Equivalences involving ℕ

This file defines some additional constructive equivalences using Encodable and the pairing function on ℕ.

@[simp]

theorem Equiv.boolProdNatEquivNat_symm_apply : ∀ (a : ℕ), ↑Equiv.boolProdNatEquivNat.symm a = Nat.boddDiv2 a

@[simp]

theorem Equiv.boolProdNatEquivNat_apply : ∀ (a : Bool × ℕ), ↑Equiv.boolProdNatEquivNat a = Function.uncurry Nat.bit a

def Equiv.boolProdNatEquivNat : Bool × ℕ ≃ ℕ

An equivalence between Bool × ℕ and ℕ, by mapping (true, x) to 2 * x + 1 and (false, x) to 2 * x.

@[simp]

theorem Equiv.natSumNatEquivNat_symm_apply : ∀ (a : ℕ), ↑Equiv.natSumNatEquivNat.symm a = Bool.rec (Sum.inl (Nat.div2 a)) (Sum.inr (Nat.div2 a)) (Nat.bodd a)
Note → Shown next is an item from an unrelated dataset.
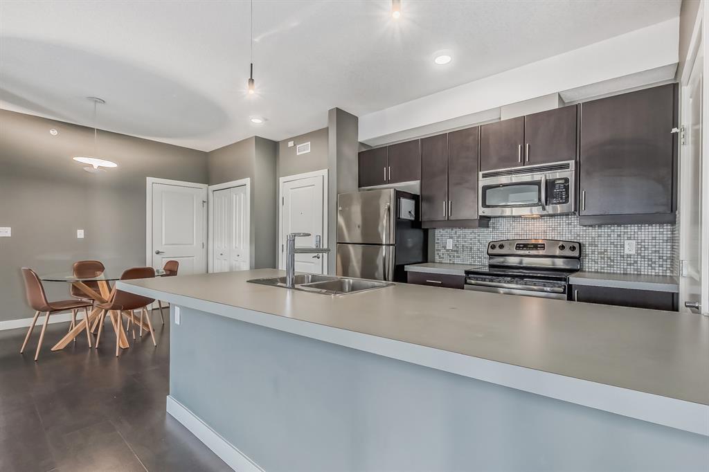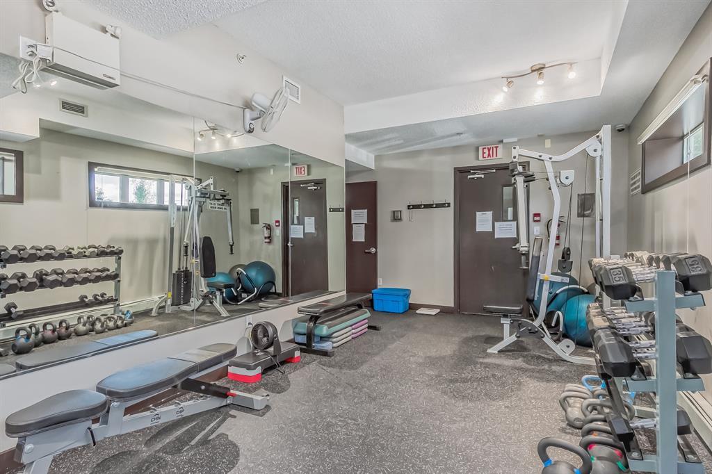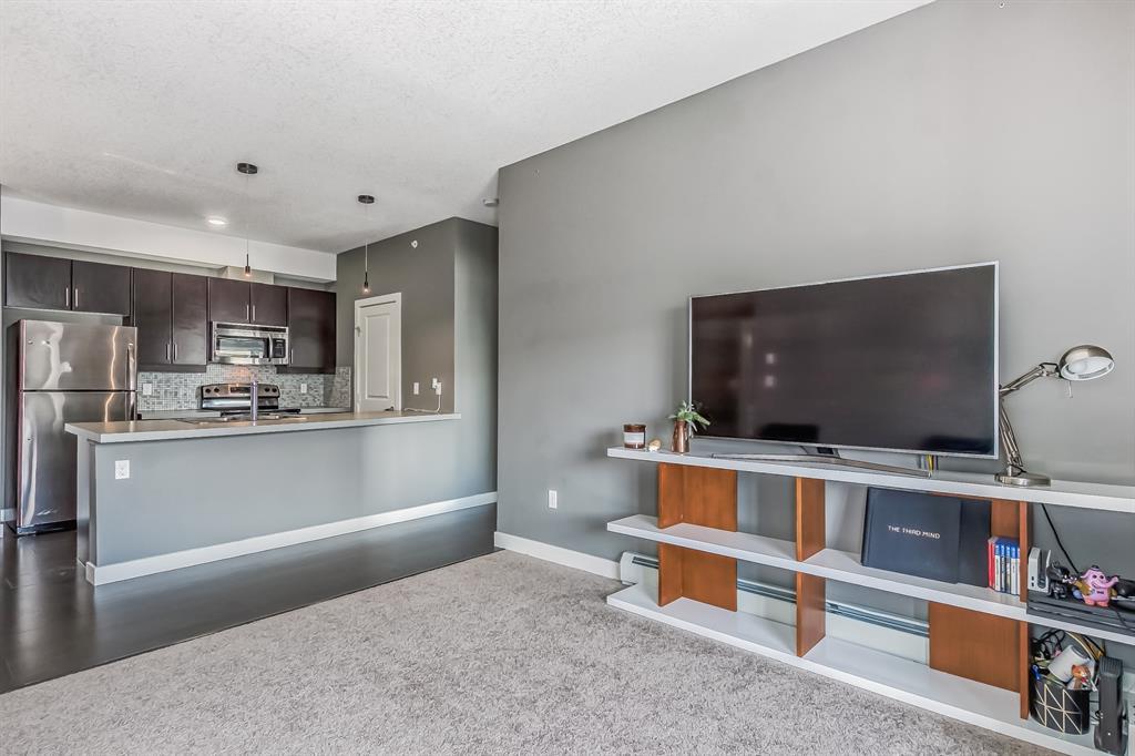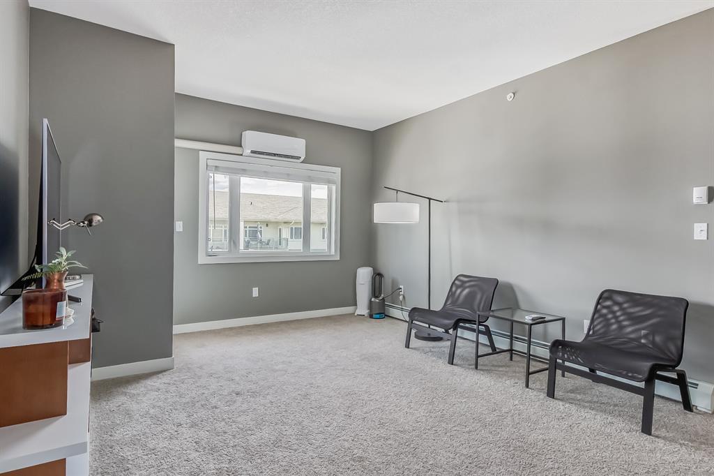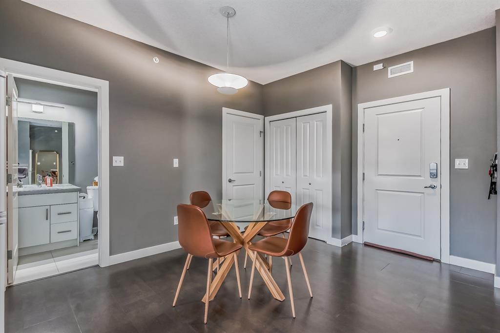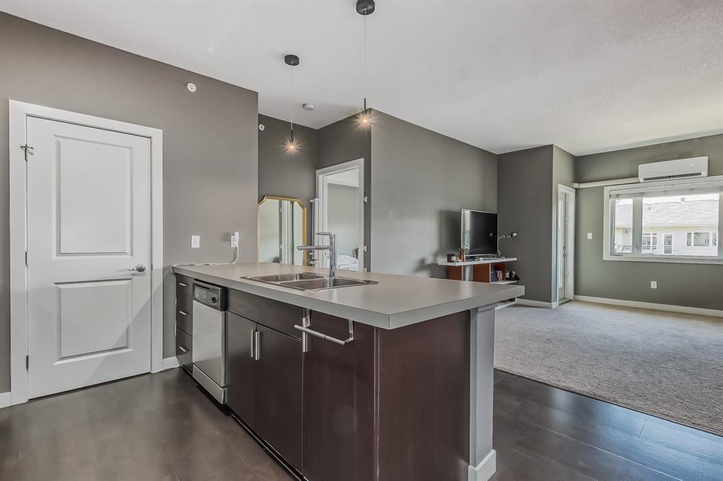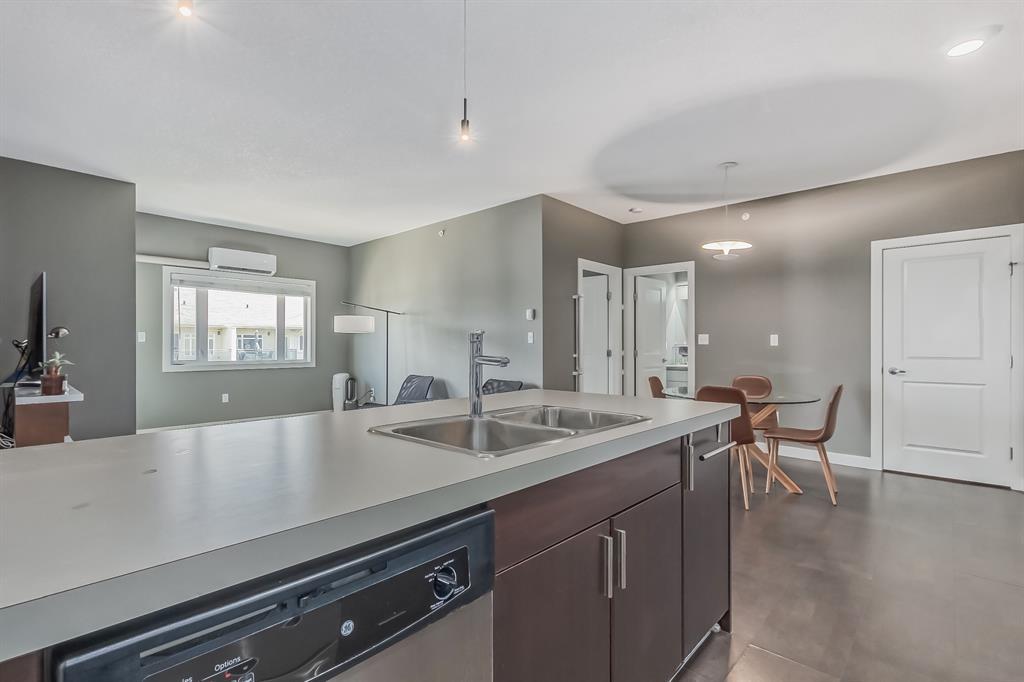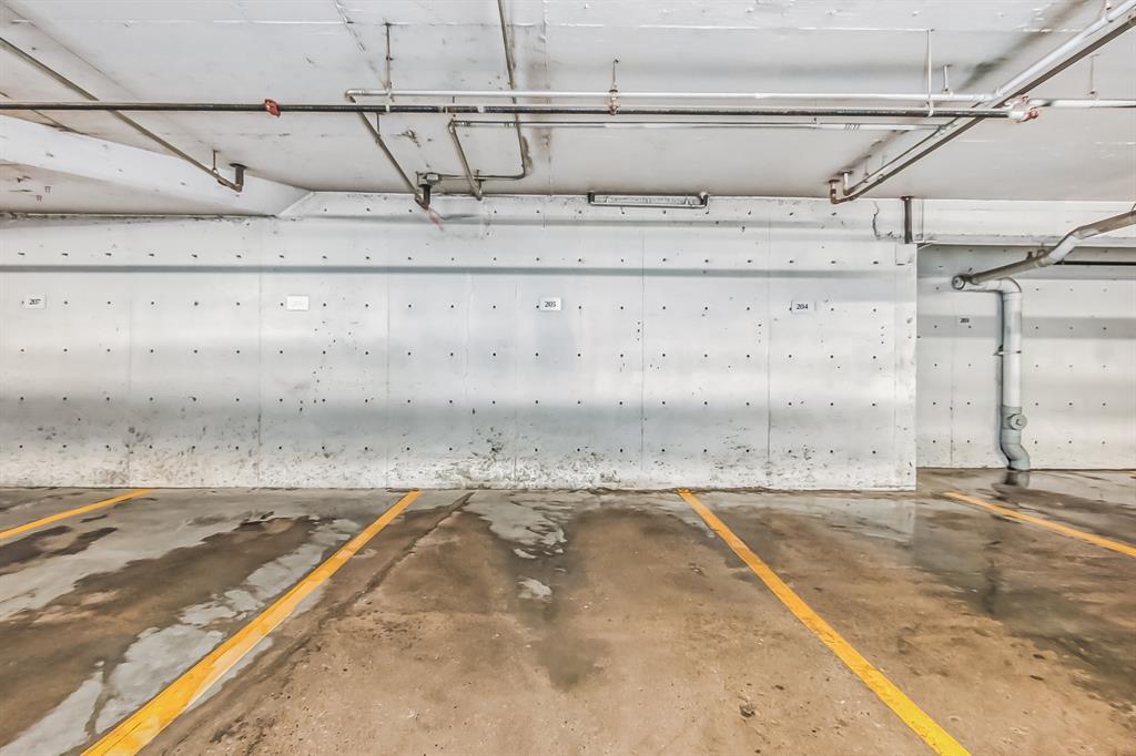 Top Floor 2 Bedroom 2 Bathroom condo with 9 foot ceilings! Enjoy a morning coffee from your east facing balcony that over looks the courtyard, and there is a natural gas hook up for your BBQ. Fantastic floor plan with the two bedrooms on either side of the spacious living room with 4pc bathroom(NEW TILES!). Kitchen has a large pantry and island with eating area that opens up into the main living area with NEWLY INSTALLED AIR CONDITIONER(2021). Master bedroom has a 4 piece en-suite bathroom and walk-in closet, the second bedroom is a good size, and for your convenience there is huge in suite laundry room with storage. Carpet has been professionally cleaned ready for the new owner. The condo comes with a heated underground Titled Parking stall and an additional storage space. The amenities are many which include elevators, Indoor and outdoor Visitor Parking, Social room that can be booked for private functions, Steam Room, Fitness Center. Amazing location just a short walk to C-Train, Grocery Store, Pharmacy, Coffee Shop, Restaurants, Pub. Very Reasonable condo fees which include Heat, Water, Sewer, and Electricity. (id:22211)

def Equiv.natSumNatEquivNat : ℕ ⊕ ℕ ≃ ℕ

An equivalence between ℕ ⊕ ℕ and ℕ, by mapping (Sum.inl x) to 2 * x and (Sum.inr x) to 2 * x + 1.

@[simp]

theorem Equiv.natSumNatEquivNat_apply : ↑Equiv.natSumNatEquivNat = Sum.elim bit0 bit1

def Equiv.intEquivNat : ℤ ≃ ℕ

An equivalence between ℤ and ℕ, through ℤ ≃ ℕ ⊕ ℕ and ℕ ⊕ ℕ ≃ ℕ.

def Equiv.prodEquivOfEquivNat {α : Type u_1} (e : α ≃ ℕ) : α × α ≃ α

An equivalence between α × α and α, given that there is an equivalence between α and ℕ.